Tengo enterrada entre mis piernas toda la vitalidad de su juventud, grande, fornida, poderosa. Y aunque está muy bien dotado, mucho más que cualquiera de mis amantes, se lo nota un tanto inexperto. 

No le pregunté si tenía novia, al igual que él no me preguntó si yo era casada, aunque en su celular alcancé a ver una foto suya con una chica como fondo de pantalla.

Luego de una buena cabalgata, me recuesto sobre su pecho, envuelta en suspiros, disfrutando de un orgasmo que empezó a gestarse en el mismo momento de la penetración y que alcanza su punto más álgido y explosivo justo ahora, cuándo rodeándome con sus brazos, me contiene contra su cuerpo. 

Nos besamos con una pasión intensa y arrolladora, mordiéndonos los labios, chupándonos.

Yo todavía estoy en la dulce agonía del placer, pero él sigue bien duro y erguido, todo dentro de mí.

Me da la vuelta suavemente, y sin salirse, me pone de espalda, se me echa encima y me coge ahora a su propio ritmo.
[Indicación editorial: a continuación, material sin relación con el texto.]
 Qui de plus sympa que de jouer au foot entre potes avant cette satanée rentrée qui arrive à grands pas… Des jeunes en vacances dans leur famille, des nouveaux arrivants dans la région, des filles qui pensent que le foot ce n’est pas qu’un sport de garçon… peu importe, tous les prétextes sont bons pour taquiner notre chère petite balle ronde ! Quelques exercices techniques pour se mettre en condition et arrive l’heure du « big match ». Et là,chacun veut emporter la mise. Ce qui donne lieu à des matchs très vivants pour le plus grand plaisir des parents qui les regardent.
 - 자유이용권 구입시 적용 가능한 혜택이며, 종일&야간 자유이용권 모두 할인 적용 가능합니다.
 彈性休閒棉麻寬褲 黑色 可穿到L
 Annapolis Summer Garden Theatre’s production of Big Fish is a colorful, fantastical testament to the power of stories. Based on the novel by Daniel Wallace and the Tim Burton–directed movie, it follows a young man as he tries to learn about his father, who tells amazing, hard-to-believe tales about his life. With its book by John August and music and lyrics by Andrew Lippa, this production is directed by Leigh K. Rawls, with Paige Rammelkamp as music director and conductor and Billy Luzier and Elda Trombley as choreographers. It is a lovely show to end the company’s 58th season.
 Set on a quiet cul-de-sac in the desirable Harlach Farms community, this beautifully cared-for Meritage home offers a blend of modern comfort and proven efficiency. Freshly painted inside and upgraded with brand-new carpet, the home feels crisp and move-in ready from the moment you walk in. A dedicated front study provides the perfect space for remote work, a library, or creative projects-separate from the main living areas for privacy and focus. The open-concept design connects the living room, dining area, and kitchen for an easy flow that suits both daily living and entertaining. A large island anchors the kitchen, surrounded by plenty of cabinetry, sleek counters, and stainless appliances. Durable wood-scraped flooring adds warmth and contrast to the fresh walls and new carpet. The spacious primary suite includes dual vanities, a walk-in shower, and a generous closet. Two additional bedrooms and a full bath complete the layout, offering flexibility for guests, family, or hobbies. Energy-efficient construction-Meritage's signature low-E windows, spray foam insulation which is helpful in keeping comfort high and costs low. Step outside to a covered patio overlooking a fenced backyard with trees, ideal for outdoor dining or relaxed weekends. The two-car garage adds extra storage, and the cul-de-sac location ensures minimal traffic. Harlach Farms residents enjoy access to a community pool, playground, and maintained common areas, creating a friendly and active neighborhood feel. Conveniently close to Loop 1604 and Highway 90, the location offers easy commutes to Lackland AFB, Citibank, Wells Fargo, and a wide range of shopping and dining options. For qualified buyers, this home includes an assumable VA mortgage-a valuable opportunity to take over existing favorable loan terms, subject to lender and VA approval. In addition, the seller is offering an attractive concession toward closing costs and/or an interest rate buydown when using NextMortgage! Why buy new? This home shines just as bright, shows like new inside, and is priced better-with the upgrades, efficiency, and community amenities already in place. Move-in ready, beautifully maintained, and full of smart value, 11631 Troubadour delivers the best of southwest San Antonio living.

En todo momento me mira a la cara, absorto, fascinado, aunque sé muy bien que no me está mirando a mí, a Lorena, sino a su madre. Que siente por fin estar cumpliendo un sueño.

Me aferro a él con brazos y piernas, sintiendo que cada embestida me llega hasta lo más profundo, como si su verga se hiciera todavía más larga al hundirse en mí, alcanzando con su pesadez y consistencia, el último tramo accesible de mi concha.

No tarda mucho en caer fulminado, derramándose dentro mío en oleadas bien cargadas de efusividad.

-Perdón… no quise…- trata de disculparse por acabarme adentro.

-No pasa nada, yo lo quería… quiero sentirte…- lo tranquilizo.

Le acaricio la cabeza con gesto maternal, y susurrándole al oído, agrego cómplice:

-¡Así es hijo, muy bien, todo adentro… hacele un hermanito a mamá…!-

Sonríe y me besa, y tal como le pido, se queda dentro mío hasta vaciarse por completo. Cuándo sale, le doy una rechupada de yapa.

Me levanto y voy al baño a enjuagarme, sé que me está mirando, así que camino sexy, sensual, mostrándole en todo su esplendor el cuerpo de la veterana que acaba de comerse.

Cuándo salimos del telo me propone intercambiar teléfonos, le doy el mío, pero ya estoy decidida a bloquearlo apenas me llame. Hacerle de mamá a alguien estuvo bueno para una vez, pero no para que se haga costumbre.